Isaías é o mais famoso profeta de Israel. A sua obra é
tão marcante que eu digo, brincando, que ele viveu mais de 400 anos.
Na realidade Isaías viveu no séc. VIII AC. Mas o seu estilo era
tão impressionante que os seus discípulos continuaram o seu trabalho
até o séc. V. Assim, há um Isaías ele-mesmo, que
anunciava a ruína de Israel como castigo da imoralidade dos governantes.
E há um segundo e um terceiro Isaías, durante e após o
exílio de Babilônia, que consola o povo sofredor, mantém
a fé em Deus e anuncia o Messias.
O tema da Campanha da Fraternidade 2009 é "Fraternidade e Segurança
Pública", e o lema "A paz é fruto da justiça"
(Is 32, 17). Como conseguir essa "Segurança Pública"?
O que pensamos primeiro, quando vemos a expressão "Segurança
Pública"? Não pensamos que lugar de bandido é na cadeia,
que os presos devem trabalhar para viver, sem regalias?... Que é preciso
uma polícia eficiente, que prenda e arrebente?... Não são
idéias como essas que nos vêm à cabeça? Não
pensamos antes no nosso bem-estar pessoal, não somos absolutamente contra
essa escória social que não nos deixa dormir? Então, lembremo-nos
de Isaías. Precisamos urgentemente lembrar-nos de Isaías.

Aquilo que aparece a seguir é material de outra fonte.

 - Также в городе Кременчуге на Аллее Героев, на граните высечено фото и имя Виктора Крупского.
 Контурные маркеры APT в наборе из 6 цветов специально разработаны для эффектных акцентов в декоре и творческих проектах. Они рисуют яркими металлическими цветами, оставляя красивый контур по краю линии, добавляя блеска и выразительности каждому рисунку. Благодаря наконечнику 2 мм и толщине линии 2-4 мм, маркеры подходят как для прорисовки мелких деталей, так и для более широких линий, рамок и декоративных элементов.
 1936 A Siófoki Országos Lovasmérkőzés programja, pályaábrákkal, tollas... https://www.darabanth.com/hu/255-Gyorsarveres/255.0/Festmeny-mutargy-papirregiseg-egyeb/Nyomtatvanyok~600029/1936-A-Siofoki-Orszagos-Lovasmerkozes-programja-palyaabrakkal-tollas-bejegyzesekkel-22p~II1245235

Isaías sabia que a paz é fruto da justiça. Sabia que a
insegurança do povo vem da imoralidade com a riqueza excessiva na mão
de poucos, pouquíssimos. Sabia que devemos ser fiéis a Deus e
não a Mamon. Não podemos servir a dois senhores, a Deus e ao poder.
A paz é fruto da justiça e do direito, diz Isaías. A miséria
é a ocasião que faz o ladrão. Nem todos os pobres são
bandidos, mas a sua condição sub-humana de vida muitas vezes não
lhes deixa alternativa. Devemos pensar primeiro em armar a polícia e
construir presídios fortificados - ou em dar condições
de vida ao povo, trabalho, moradia, dar de comer a quem tem fome como se fosse
o próprio Cristo?
Os juízes têm a justiça nas mãos e, portanto, deveriam
ter uma vida sem a mínima suspeita de injustiça. Os homens públicos
deveriam ostentar uma vida totalmente limpa ao povo. Os legisladores deveriam
não só ter uma vida perfeita, mas parecerem perfeitos. É
isto o que vemos? O povo confia nos seus governantes? Como poderemos esperar
que os pobres sejam honestos? O buraco está mais abaixo ou mais acima?

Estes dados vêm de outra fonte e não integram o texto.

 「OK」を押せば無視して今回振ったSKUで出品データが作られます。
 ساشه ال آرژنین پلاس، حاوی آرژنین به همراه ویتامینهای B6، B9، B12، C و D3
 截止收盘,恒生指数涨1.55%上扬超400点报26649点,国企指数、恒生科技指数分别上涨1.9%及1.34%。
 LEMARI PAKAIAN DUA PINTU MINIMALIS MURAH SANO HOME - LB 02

Lembrem-se do que Isaías falava das alianças políticas.
Isaías é um profeta do nosso tempo. Criticou duramente a corrupção
política, como se gritasse contra os políticos de hoje. Todos
sabemos que fazer política é fazer alianças para conseguir
os objetivos - pessoais ou dos poderosos, das grandes corporações
que os políticos acabam representando. São insensatos, loucos,
que se esquecem de Deus, dizia Isaías. Interessante como o mundo não
muda! Mas podemos mudar as nossas cabeças. Esta Campanha da Fraternidade
quer a nossa conversão. A transformação do mundo começa
em casa, em nós mesmos. Pensemos e vivamos como cristãos, católicos,
filhos de Deus e não de Mamon.
(Crônica escrita para o boletim O Peregrino, da Paróquia Santa Teresinha, de Bauru , SP.)